Notably, sequence similarity only partly predicted replaceability. This tendency was strongest for highly similar (>50% amino acid identity) or dissimilar (<20%) ortholog pairs. However, most pairs fell into an intermediate range of 20 to 50% sequence identity, which poorly predicted replaceability (Fig. 2B). Instead, replaceability was best predicted by properties of specific gene modules. In particular, proteins in the same pathway or complex tended to be similarly replaceable (Fig. 2A). Replaceable genes also tended to be shorter and more highly expressed. Using these features in a supervised Bayesian network classification algorithm (fig. S6), we achieved a high overall cross-validated prediction rate [area under the receiver operating characteristic (ROC) curve of 0.825 (Fig. 2A)] and correct prediction of 8 of 10 literature cases withheld from all computational analyses (table S4). Properties such as human gene splice-form counts, yeast 5′ and 3′ untranslated region lengths, codon adaptation measures, and yeast mRNA half-lives showed little relationship with replaceability (Fig. 2A and table S3).

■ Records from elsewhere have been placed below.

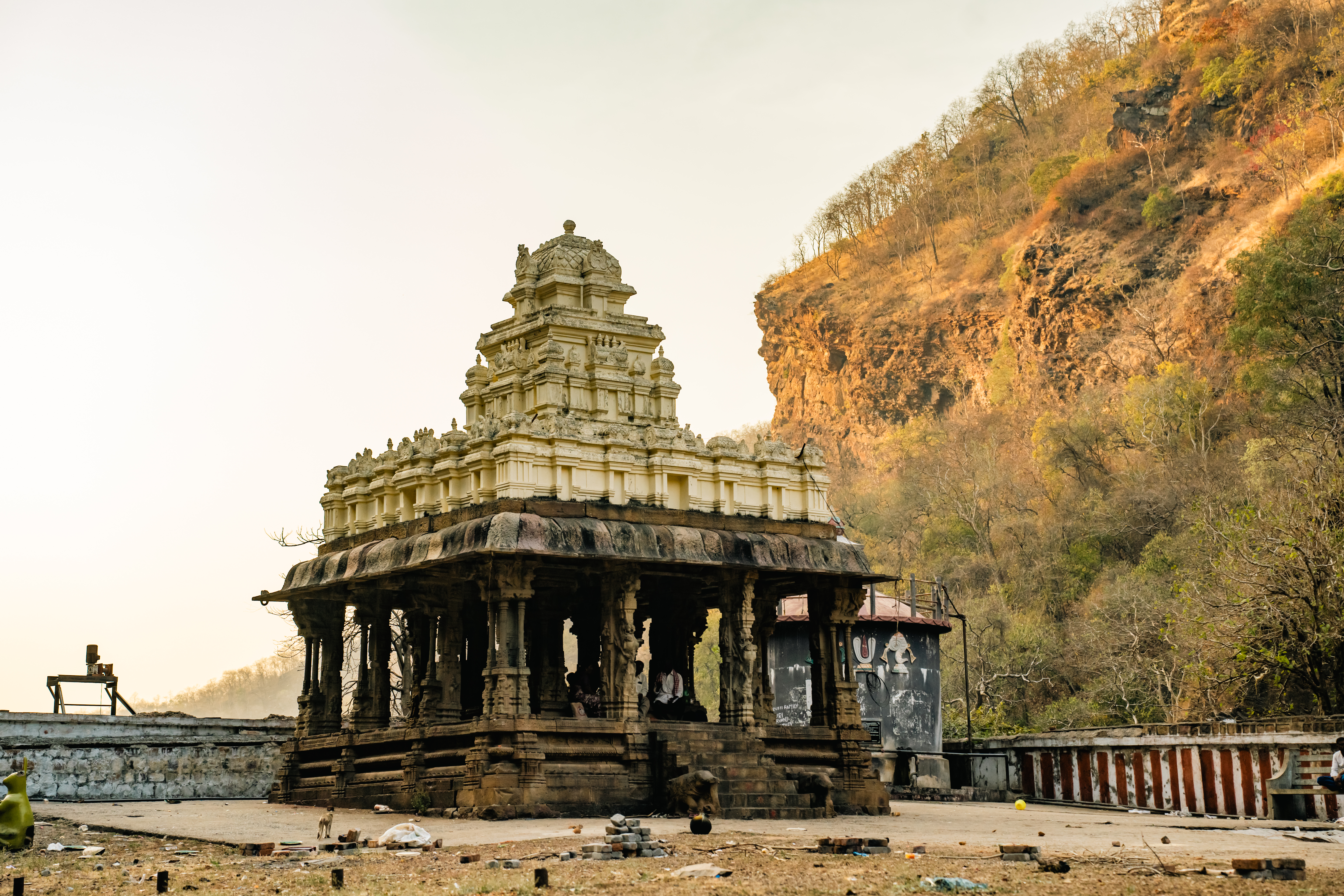 Ahobilam, located approximately 400 kilometers from Hyderabad in the Nallamala Hills of Andhra Pradesh, is a revered pilgrimage site dedicated to Lord Narasimha. Known as the Avatara Sthala of Narasimha, the temple complex features nine shrines (Nava Narasimha) spread across the hills, showcasing intricate Dravidian and Vijayanagara architectural styles. According to legend, this is where Lord Vishnu appeared to vanquish the demon Hiranyakashipu. The site includes relics of the demon's palace and the Ugra Sthambha, the pillar from which Narasimha emerged. Devotees believe that worshiping at Ahobilam's shrines can bring prosperity and dispel sins. The temple's history is enriched by contributions from various dynasties and continues to be managed by the Ahobila Mutt. Ahobilam offers a unique blend of spiritual heritage, epic lore, and architectural grandeur, attracting pilgrims and tourists alike.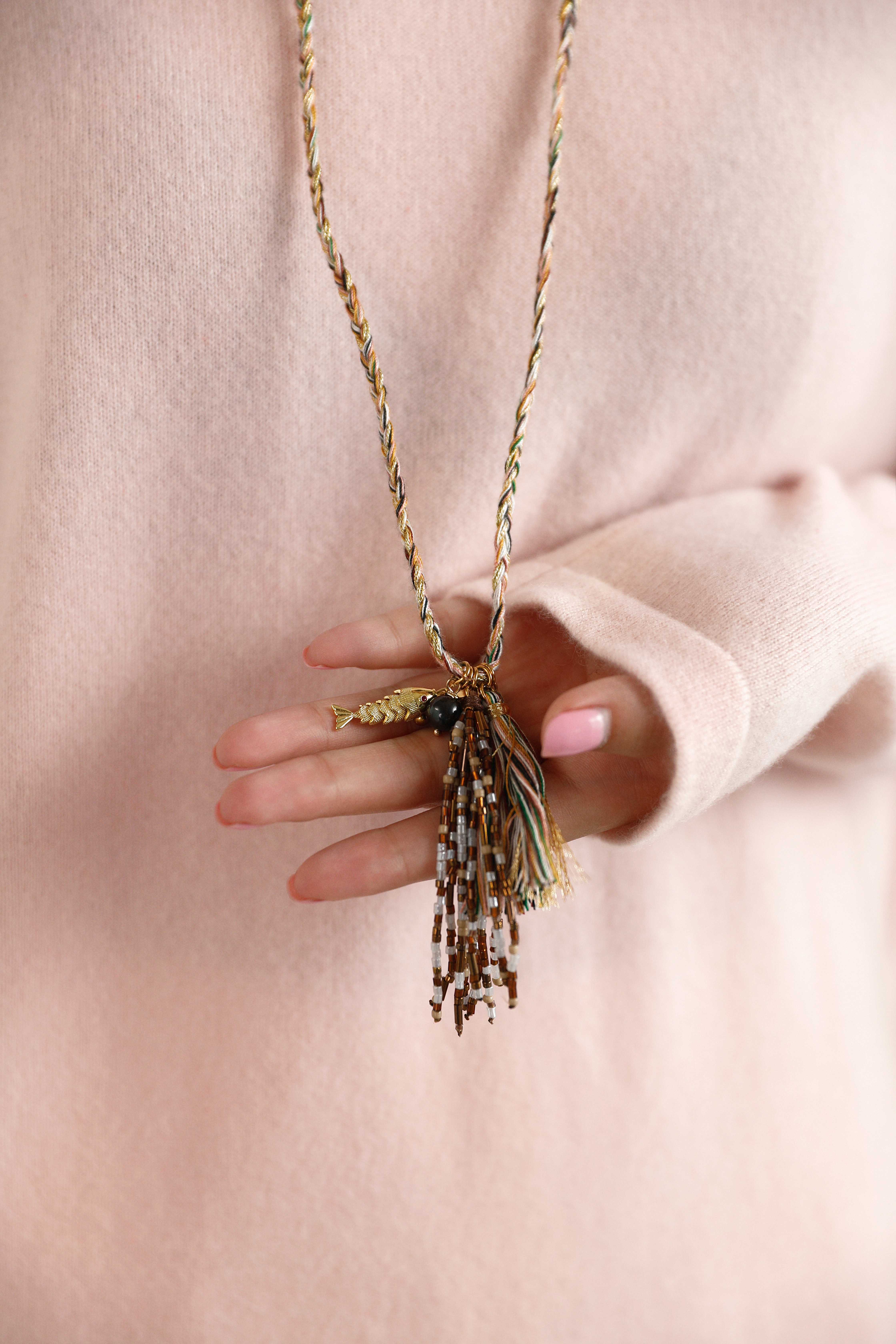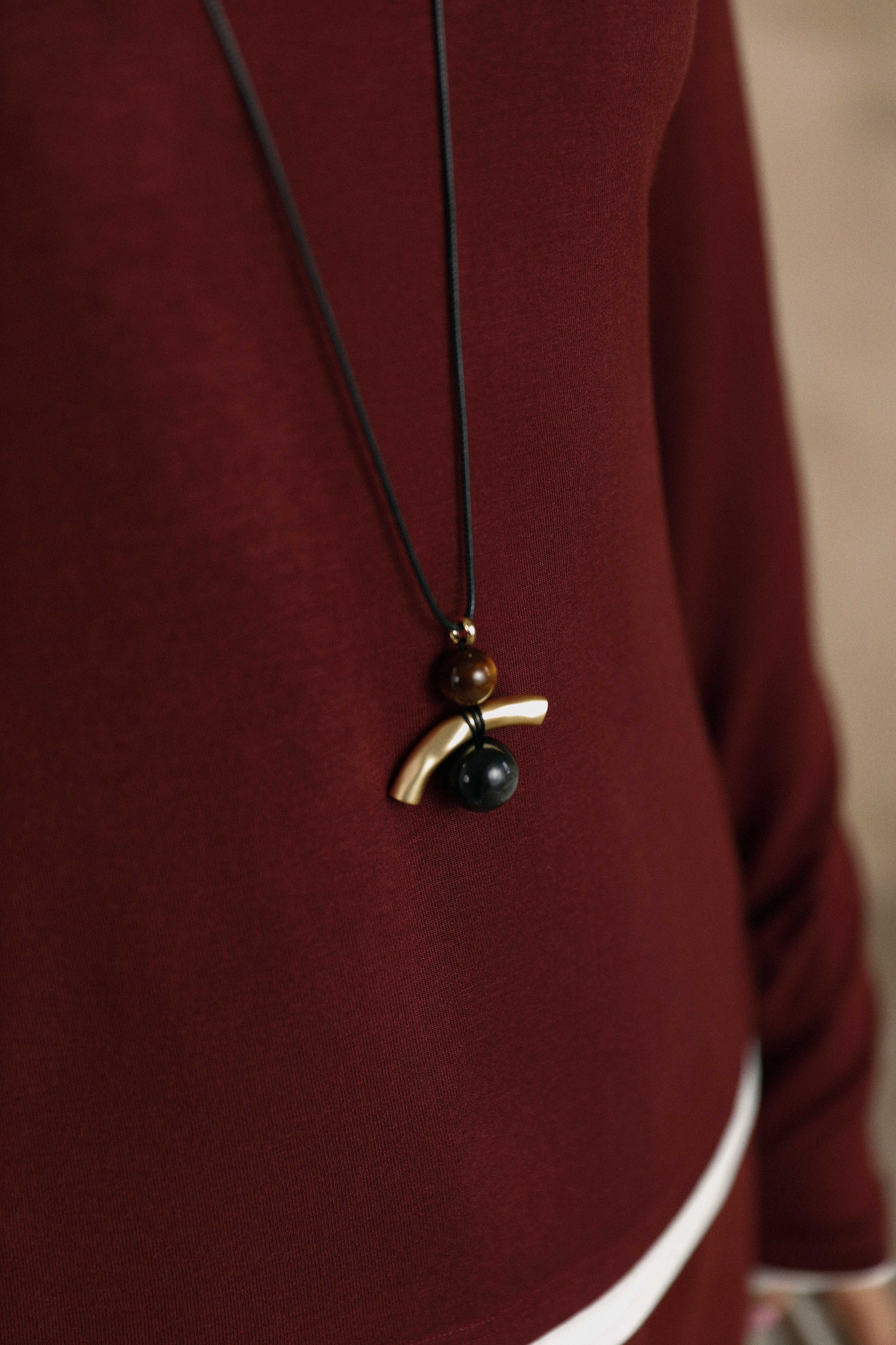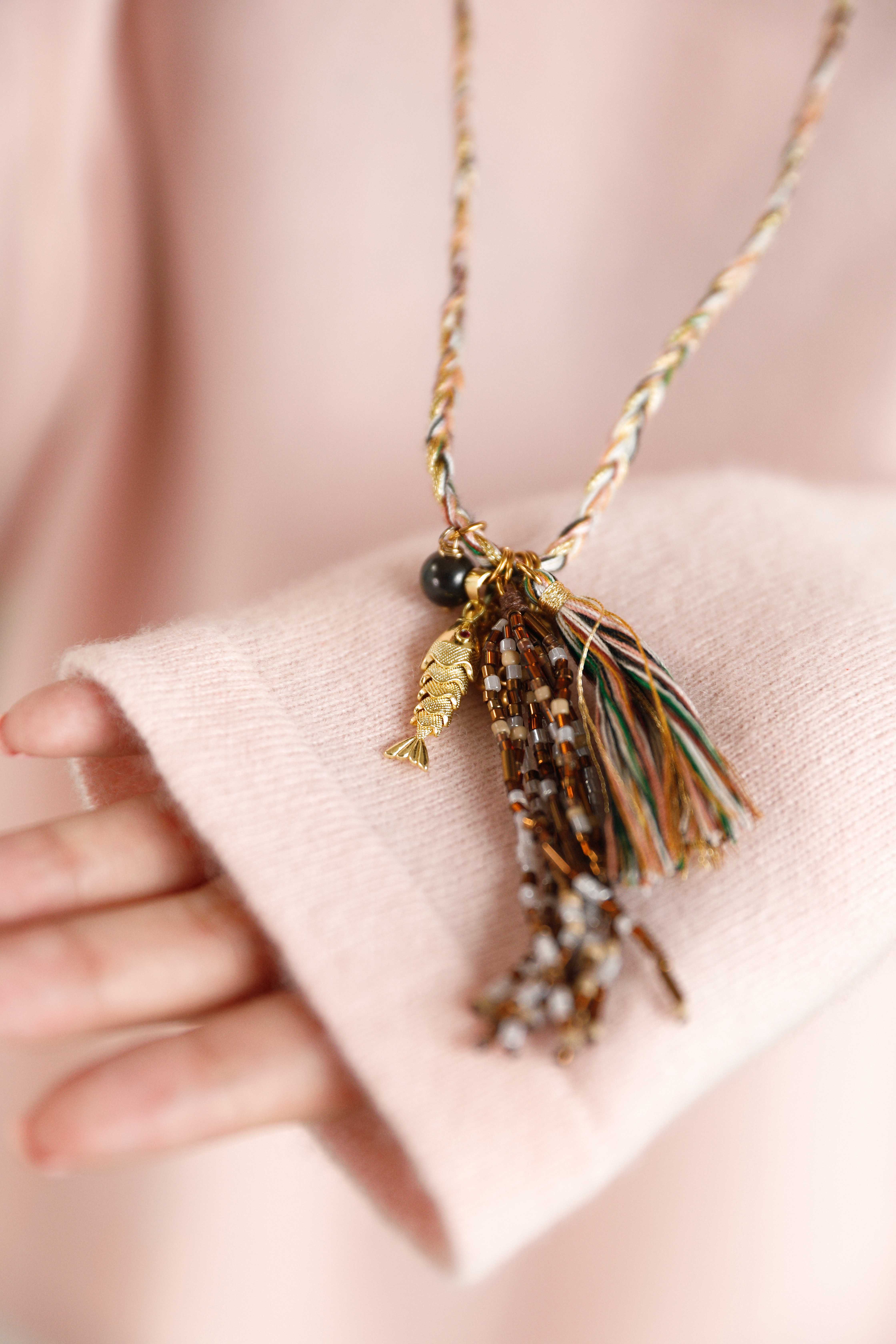 可推拉的结绳设计是它的灵魂,能自由调节项链的形态与长度,上面点缀的水晶与珠子,在滑动间变幻出不同的光彩。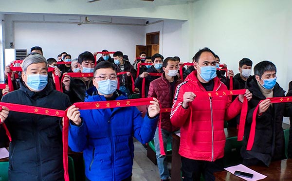 1月29日上午,朱仙庄矿工会组织协安员们带着红腰带、香皂等慰问品来到基层区队班组,开展“防疫我为先,安全大如天”形势任务宣讲活动。叮嘱矿工春节期间尽量少外出,就地过年,为了自己和他人的安全,一定佩戴口罩,勤洗手消毒,做好防疫工作。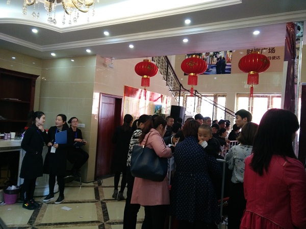 4月1日上午8時許,雖然還不到開盤時間,“徽鹽•錦繡公館”項目售樓中心已是人山人海,不少人在門口排隊領號,更多購房者已在等候區等待開盤選房。

The strong association between replaceability and gene modules led us to investigate this phenomenon in more depth, examining replaceability as a function of specific protein complexes and pathways. Broad Kyoto Encyclopedia of Genes and Genomes (KEGG) (20) pathway classes showed highly differential replaceability: Metabolic enzymes (e.g., enzymes participating in lipid, amino acid, and carbohydrate metabolism) tended to be replaceable, whereas proteins involved in DNA replication and repair or in cell growth tended not to be replaceable (Fig. 2C).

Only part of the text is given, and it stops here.